THE WHITE STAG AND A SHAKESPEAREAN OTHERWORLD

 

by Mahonri Stewart, Director

 

It's become a time-honored tradition to update and add new concepts to modern productions of Shakespeare--largely because he's been dead for over 400 years and can no longer object. One of the reasons I chose to direct As You Like It this year, rather than the nearly three dozen other Shakespearean plays from which I could have chosen, was because a particular concept had been formulating in my mind for almost a decade, one that began after I saw a production of the play at the Old Globe in San Diego that inspired me. That production highlighted the slain stag mentioned in Shakespeare's text, which Jacques mourns over. It's a minor moment in As You Like It, but the Old Globe transformed it into a beautiful, plaintive moment. 

 

Over the years, I've thought of that production a lot, and that germ of an idea they gave me morped and transformed, as I connected it to the White Stag in Celtic (Irish) mythology that leads people to Otherworld. For those who don't geek out over world mythology like I do, Otherworld is the realm of the Fae (Fair Folk, Fairies, Nymphs, etc.) and Celtic gods... part after-life, part alternate dimension, part magical realm. Other writers have played with the tradition of the White Stag, from the authors of the King Arthur mythos to C.S. Lewis having a white stag lead the Pevensie children out of Narnia in The Lion, the Witch, and the Wardrobe

 

As I prepped for this production, I decided to lean more and more into other concepts from Celtic mythology, and even made changes to the text to fit the concept even better. The marriage god Hymen that Shakespeare includes in the end of the original version of As You Like It has now become Danu, the mother-goddess of the Tuath Dé Danann, the Celtic pantheon in Irish myth and legend... whom I have now inserted into other parts of the play, to become an omnipresent figure, watching over, protecting, and judging our characters. In this version, she also rules over the Fae... mythical elves, fairies, spirits, elementals, or whatever mortal names we want to attach to these beautiful beings from the mists of myth, legend, and folk tale.
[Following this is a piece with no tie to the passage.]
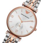Πανέμορφο γυναικείο αναλογικό ρολόι πολυτελείας EMPORIO ARMANI με το μπρασελέ του σε silver & gold απόχρωση! Το καντράν του είναι gold περιμετρικά και silver εσωτερικά με χρυσές τις λεπτομέρειες και το λογότυπο. Εξαιρετικής ποιότητας και εμφάνισης.

The Forest of Arden (a real place in Shakespeare's day, near his hometown in Stratford Upon Avon, which his mother's Mary Arden's family once owned) in our version is now on the edge of Otherworld, where the White Stag leads our characters, to be judged by Danu and the Fae, to determine whether they are worthy of entering the land of Fae and the gods.

 

Thus, those who already familiar with the play may notice that I have made significant additions and deletions to the text to tell this new version of Shakespeare's classic tale. I ask for grace from the purists who may be offended that I dare alter one word of the work of the great Master Shakespeare, whom I honor as much as they do. Yet, I like to think that the Bard would delight in the ways I have played with the text and mined additional meaning from the golden nuggets he has left us.

 

Some may be intimidated to write faux-Elizabethan text, but Shakespeare's style, form, and language have become increasingly familiar to me over my lifetime of studying him, to the point that I revel in it more than I do in the unraveling babble that we often pass off as the English language these days. I wrote a whole play called The Drowned Book about Shakespeare in iambic pentameter and pseudo-Shakespearean language... it's nothing new to me. Heightened language is one of the trademarks of my writing, and it was delightful to play with that style once again.

 

I am grateful for this wonderful cast, this brilliant production team, and this supportive school for allowing me the chance to extend beyond our normal borders to make room for this new (and old) Shakespearean vision. So, follow us into the dense trees of the Forest of Arden, to discover where the White Stag leads us.